Et lorsque cette figure briochine écrit et chante :
…/…
« L’estran vagabonde de basses en hautes plages.
Tour à tour recouvertes et puis abandonnées
Ventre grand offert aux flots entre deux marées
La mer caresse les bateaux de ses cheveux d’algues »
…/…
(« En baie de Saint Brieuc » - Paroles et musique de Dominique BABILOTTE - Arrangements de Mathilde CHEVREL).
Cette figurative peinture mélodique justifie, à elle seule, la présence de ce bel artiste, sur nos pages qui, tant que faire se peut, ne s’évertuent qu’à choisir et promouvoir, ce qui est, à notre humble mais passionné ressenti, la qualité et l’émotion.

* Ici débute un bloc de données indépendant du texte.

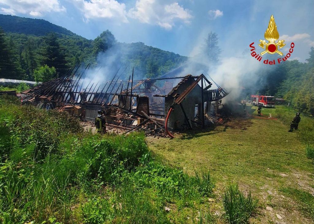 FOTO. Fiamme al Brinzio: intervento in forze dei vigili del fuoco

De la bossa à la ballade, mais pas que, en écoutant une chaude voix affirmée mais sereine et apaisante, soulignée par de très fines orchestrations, vous allez vivre plus de 45 minutes de bonheur, de délectation poétique, mais aussi d’interrogatif réalisme avec un brillant auteur qui prenant, entre autres, pour références artistiques, Serge REGGIANI, Maxime LE FORESTIER, Bernard LAVILLIERS, Gilles SERVAT… crée, par sa charismatique personnalité et son jeu de comédien qu’il a exercé au sein d’une compagnie d’improvisation et qu’il demeure, viscéralement, un style bien à lui…

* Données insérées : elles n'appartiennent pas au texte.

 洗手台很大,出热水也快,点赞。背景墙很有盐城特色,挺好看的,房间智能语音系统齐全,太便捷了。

Il s’agit, avant tout, du… Dominique BABILOTTE !
C’est avec une limpide introduction de piano, égrainée sous les véloces doigts de Philippe TURBIN que l’opus s’ouvre, comme un livre de souvenirs familiaux qui marquent, à jamais, l’enfant qui reste toujours en nous, avec ses madeleines de Proust… mais, aussi, ses instants plus amers.
…/..
« Le vent froid du nord frappait à notre porte,
Brûlait la peau des cuisses nues sous les shorts.
La mémoire de la guerre s’insinuait partout,
Ma mère comptait ses sous,
Qu’elle n’avait pas ».
…/…
(« Je te salue l’enfance » - Paroles et musique de Dominique BABILOTTE – Arrangements de Philippe TURBIN).
Très beau moment qui peut parler à chacun d’entre-nous, avec deux rythmes couplet/refrain distincts qui gomment toute mélancolique et outrancière nostalgie, privilégiant, prioritairement, la notion de racines transmissibles.
…/..
« Aurais-je transmis à ma descendance,
Qu’un arbre sans racine n’a pas d’essence ? »
…/...
Pas de mélancolie, point de nostalgie, aucun ennui, pas même de moralisme au fil de cet enregistrement, comme l’on dit, de « chansons à texte ».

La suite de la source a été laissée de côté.